Я представил, как в один прекрасный день он покидает одну из ферм к югу от Бакстона, где ветер носится по Северной Стаффордширской равнине, и люди в поношенной одежде неделями сидят перед сломанным телевизором, слушая, как хлопают ворота. Потом мужчина наклонился к другому столику.
— Завтра случайно не пятница? — мягко спросил он.
— Что, простите? — отозвалась женщина. — Ах, да. Конечно, пятница. Да… — И когда он добавил что-то — слишком тихо, чтобы я мог услышать, — сказала: — Нет, фруктового пирога нет. У них здесь такого не бывает… Никаких фруктовых пирогов, у них такого не бывает.
Она коснулась его одним пальцем.
— Только не здесь.
Склонив голову набок и ловко держа ложку под углом, чтобы видеть дно своей кофейной чашки, она вычерпала оттуда полурастаявший сахар. Одновременно она поглядывала на других клиентов с неким возбужденным удовлетворением, точно эскимос или папуас в старом документальном фильме — застенчиво, зорко, взглядом, который словно говорил: «вам лучше уйти», с тем равнодушием, с каким делается нечто такое, что культурные люди считают недопустимым. Операция была произведена во мгновение ока; она успела даже проглотить сахар и облизнуть ложечку. Закончив, она откинулась на спинку кресла.
— Я подожду, пока принесут еще чая, — пробормотала она. — Я подожду.
Она так и не сняла ни свое пальто в желтую и черную клетку, ни красную вязаную шапочку.
— Хотите кофе? — и видя, что мужчина пристально, с какой-то болезненной рассеянностью разглядывает пейзажи на стенах, добавила: — Эти акварели — те, что на стене… надо приглядеться, чтобы понять, что это акварели. Прелестно.
— Не хочу я никакого кофе.
— А мороженое будете?
— И мороженого не хочу, спасибо. От него в животе холодно.
— Будет лучше, если вы пойдете наверх и посмотрите телевизор. Просто посидите перед ним.
— Почему я должен смотреть телевизор? — спокойно откликнулся мужчина, отводя взгляд от картины, изображающей городской мост под дождем. — Я не хочу ни чая, ни ужина. И завтракать каждое утро тоже не хочу.

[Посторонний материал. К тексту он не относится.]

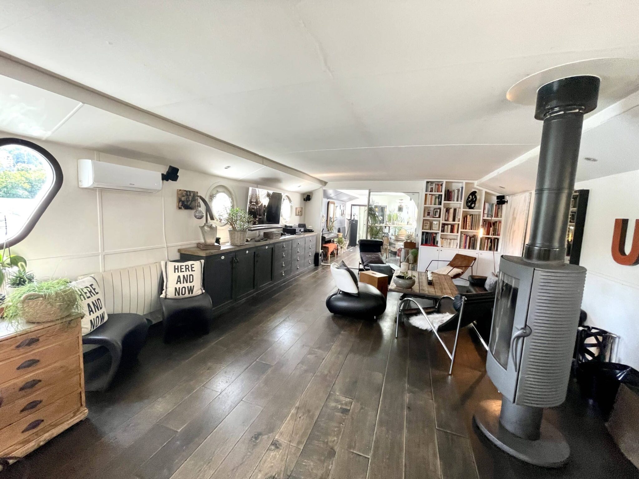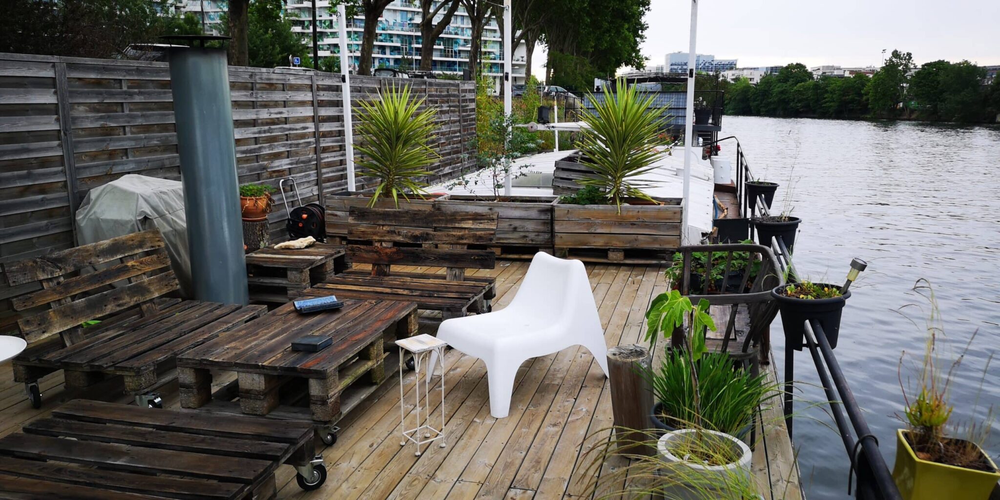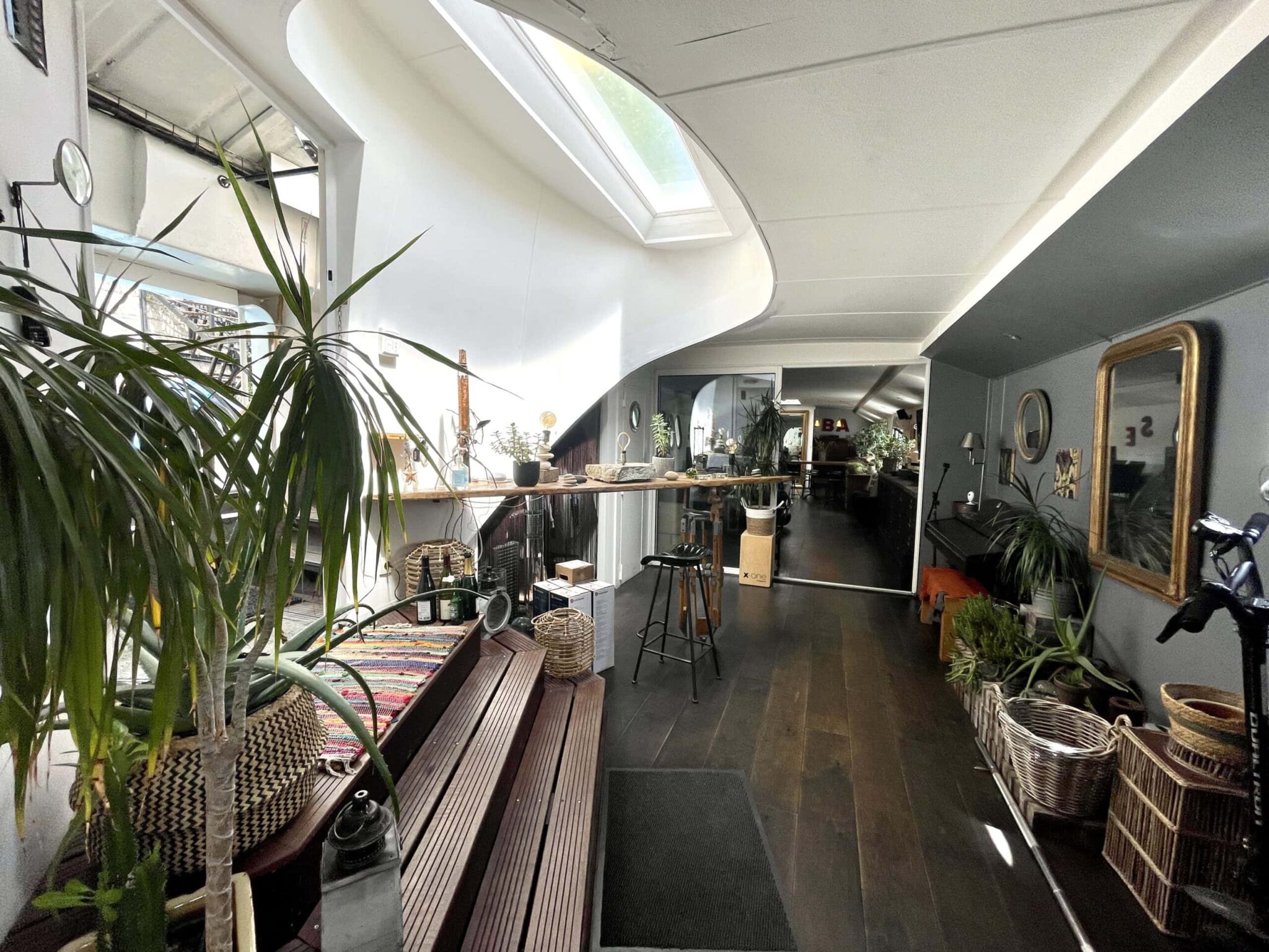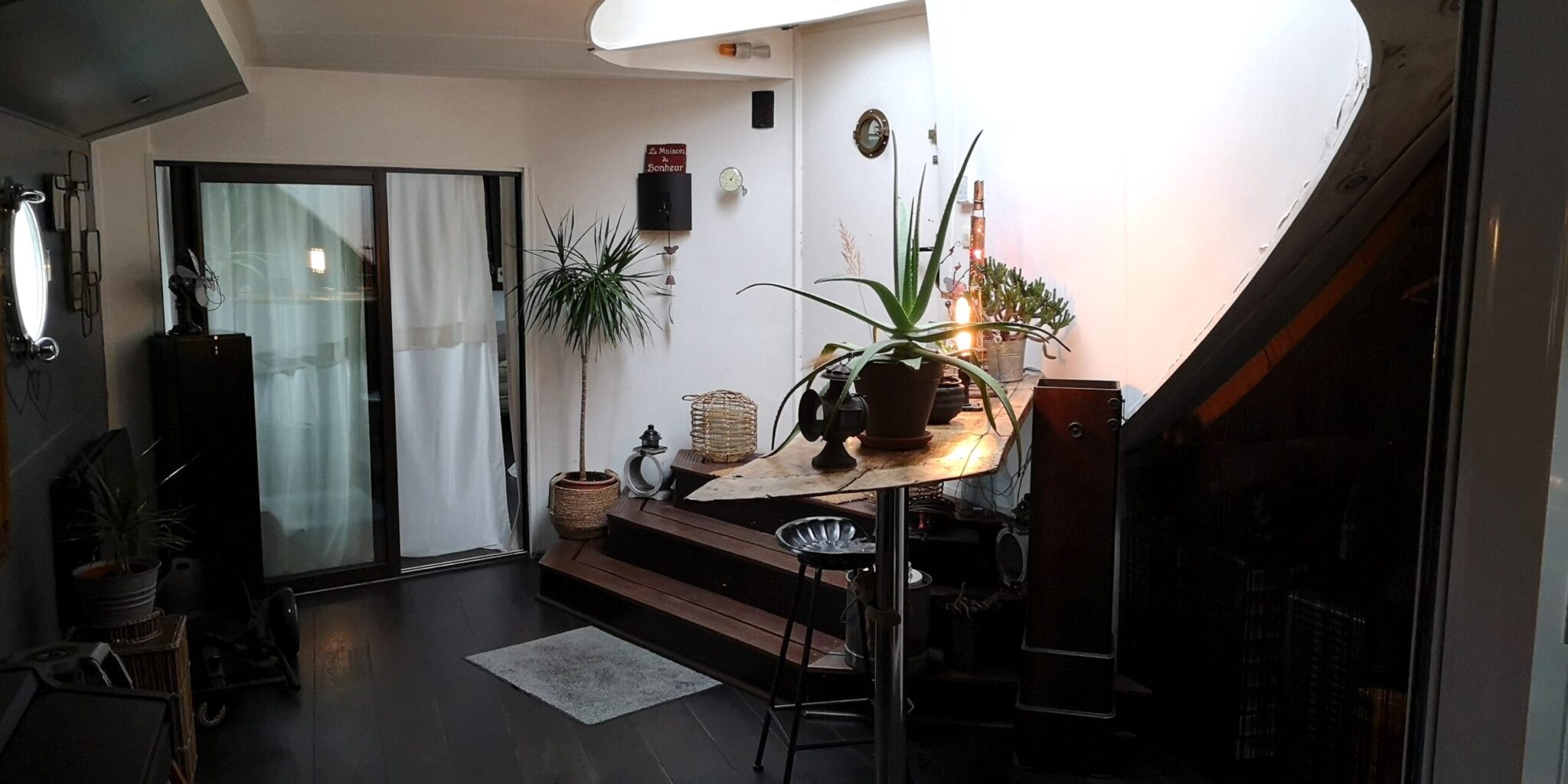 Une péniche aux charmes discrets et familiale de 180 m2 et 3 chambres sur les bords de Seine, à Boulogne Billancourt, dans les Hauts de Seine. A 10 minutes de Paris.

Он на миг сплел руки, уставился в пустоту. Его глаза торжествующе сияли, как у мальчишки, получившего пятерку… Потом он ни с того ни с сего начал рыться в карманах.
— Здесь нельзя курить, — торопливо заметила женщина. — То есть я сомневаюсь, что здесь можно курить. Кажется, я видела табличку «курить запрещено», потому что здесь едят. Вы же видите, здесь никто не курит.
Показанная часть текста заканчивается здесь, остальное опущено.